Now you might wonder why the best athletes in the world need to have coaches. Several reasons. First, just because you have the capability of becoming a great athlete doesn't necessarily mean that you know how to become a great athlete. A coach is someone who knows what the particular sport is all about and is able to guide the athlete in the direction of becoming a champion.
The second reason is that you cannot possibly participate in a sport and watch yourself participate in the sport simultaneously. A coach can stand on the sidelines, observe an athlete and help the athlete see what he or she is not seeing, what's missing, and what's in the gap between who he is being and who he can be.

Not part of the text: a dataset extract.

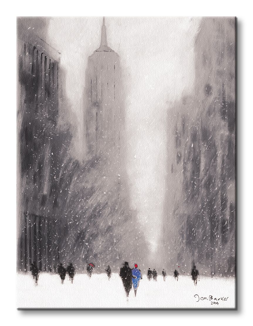 Obraz na ścianę noszący nazwę Heavy Snowfall, 5th Avenue - New York. Autorstwa: Jon Barker Szukasz oryginalnej, ekskluzywnej dekoracji na ścianę? Ten obraz jest dla Ciebie! fantastyczne kolory i rewelacyjna ostrość., obrazy charakteryzuje wysokie nasycenie barw i ostrość, nie sposób oderwać od nich wzrok. Kolory utrzymują się przez długie lata. Bawełniane płótno wysokiej jakości gwarantuje świetne odwzorowanie i trwałość obrazu.

For all of these reasons and more, coaching is equally applicable to business and the reason why more than 50% of the Fortune 500 companies use coaches for their executives and management teams.
There's a reason why 90% of the companies that start in the US each year fail within the first 10 years and why so many of those that do survive never reach their full potential. Just because you're a good engineer, a good plumber, or a good doctor, builder, architect or whatever, doesn't mean you understand how to play the game of business. The game of business has certain rules to it that if you don't understand, you might as well be shooting an arrow into the fog hoping you'll hit the bullseye.
When people in business struggle, it's always because something is missing and the leadership can't see it. If they could, it's pretty obvious they'd put in the correction. That the struggling continues is evidence that it's unseen.
So if you're inspired by what you're seeing in Vancouver and not winning even a bronze medal in whatever business game you're playing, get yourself a coach. Not doing so is why Einstein said that the definition of insanity is doing the same thing over and over again thinking you'll get a different result.